2.3.4. Moisture Content

Primary factors affecting moisture content of the lyophilized drug products are formulation components, container closure system and secondary drying conditions (time and temperature). The presence of a high level of moisture leads to drug product degradation thus leading to physical and chemical instability. Residual moisture in the elastomeric stoppers may ingress into the vial resulting in the moisture uptake by the cake. Drying the vials for an extended period prior to their usage may help in the reduction in the residual moisture levels. Sampling finished product vials from various locations on the shelf provides insight into batch-to-batch consistency of moisture content [48,49].

3. Technology-Driven Advances in Pharmaceutical Lyophilization

Artificial intelligence is reshaping pharmaceutical formulation development. By optimizing and expediting the design, testing, and manufacturing of these formulations, AI offers significant advantages, including greater efficiency, enhanced accuracy, and the potential to enable personalized medicine [50]. Machine learning models can help optimize manufacturing processes by identifying optimal parameters such as temperature and pressure.

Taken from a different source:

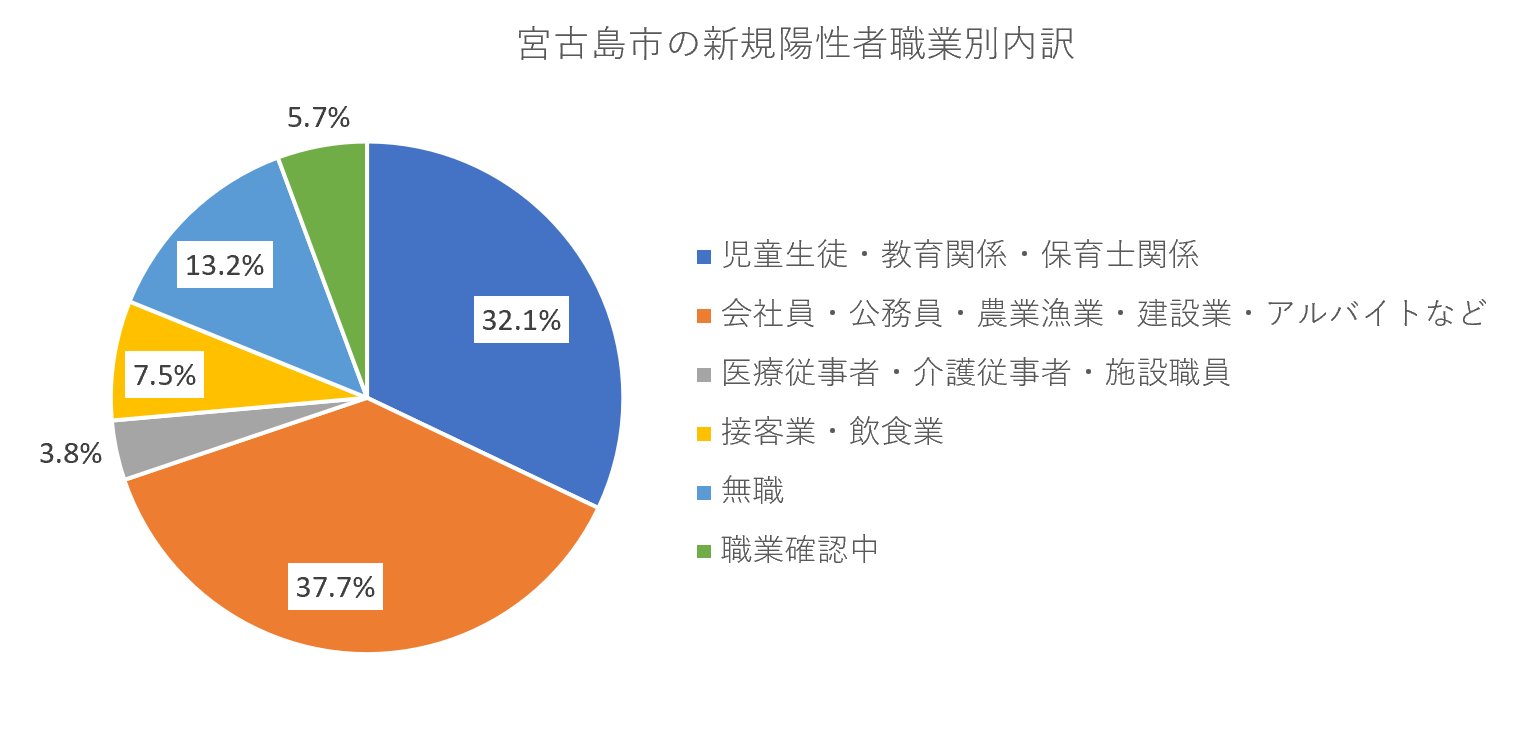 【速報・新型コロナ】1日、宮古島市の新規陽性者年代・職業別内訳

Using AI in this way can enhance efficiency and reduce batch-to-batch variability [51]. AI can help predict the stability of formulations under different storage conditions, such as varying temperature and humidity (Figure 3). This enables the design of more stable products, ensuring the drug’s potency and efficacy is maintained throughout its shelf life [52]. Before conducting physical tests, AI can be used to virtually screen excipients, drug compounds, and formulation strategies.
This approach reduces the time and cost of laboratory experiments and helps identify the most promising candidates for further development [54,55]. Table 4 provides a concise comparison between traditional and QbD/AI-driven approaches.

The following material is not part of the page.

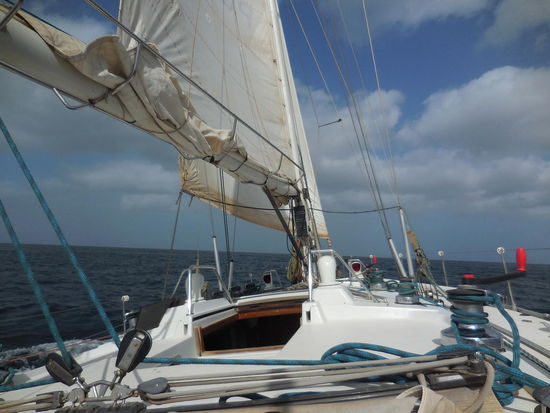 Zur White Times: Es ist eine 17m-Yacht mit einem fast 5m-Kiel, gebaut in Italien, eine Grand Soleil 52, hochseetauglich, ausgerüstet mit allem elektronischen Pipapo. Ein irre reicher Schweizer hat sie bauen lassen, sie nach seinem Herkunftskanton Aargau benannt, war damit ein einziges Mal segeln, hat sich die Seele aus dem Leib gekotzt und das Schiff nie wieder betreten, sondern sofort verkauft. Irgendwann hat Eugenio - "Eugene"- die Yacht gekauft und hat mit ihr definitiv seinen Spaß in Portugal, auf dem Atlantik, zwischen den Kanaren und den Azoren gehabt. Aber auch er muss Geld verdienen, der Unterhalt eines solchen Babies ist nicht billig. Er segelte zu den Kapverden, denn nur hier kann er ganzjährig segeltechnisch unterwegs sein und auch fast jeden Tag kommerziell.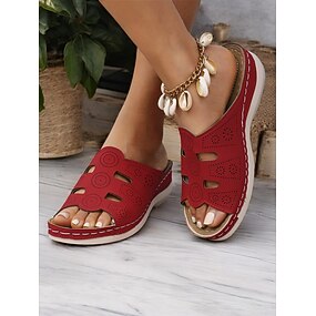 női piros kényelmes szandálok, lélegző, kivágott sétaszandálok állítható pántokkal utazáshoz, nyári hétköznapokra &mindennapi viselet

Developing a freeze-drying cycle can take weeks or months due to product complexity, team experience, and resource demands. Traditional methods rely on labor-intensive trial runs and repeated adjustments. Combining QbD with a digital twin framework can greatly speed this up by using predictive modeling based on scientific principles. In one study, a digital twin optimized primary drying conditions by simulating key parameters like critical temperature (Tc), heat transfer coefficient (Kv), sublimation flux (Jmax), and dry layer resistance (Rp). Controlled nucleation improved reproducibility, while simulations ensured product temperatures stayed below Tc. This approach reduced optimization to 14 days using only 540 mL of solution, and to five days for later batches, delivering faster, safer, and more cost-effective lyophilization with up to 300% productivity gains and 60–75% cost savings [56].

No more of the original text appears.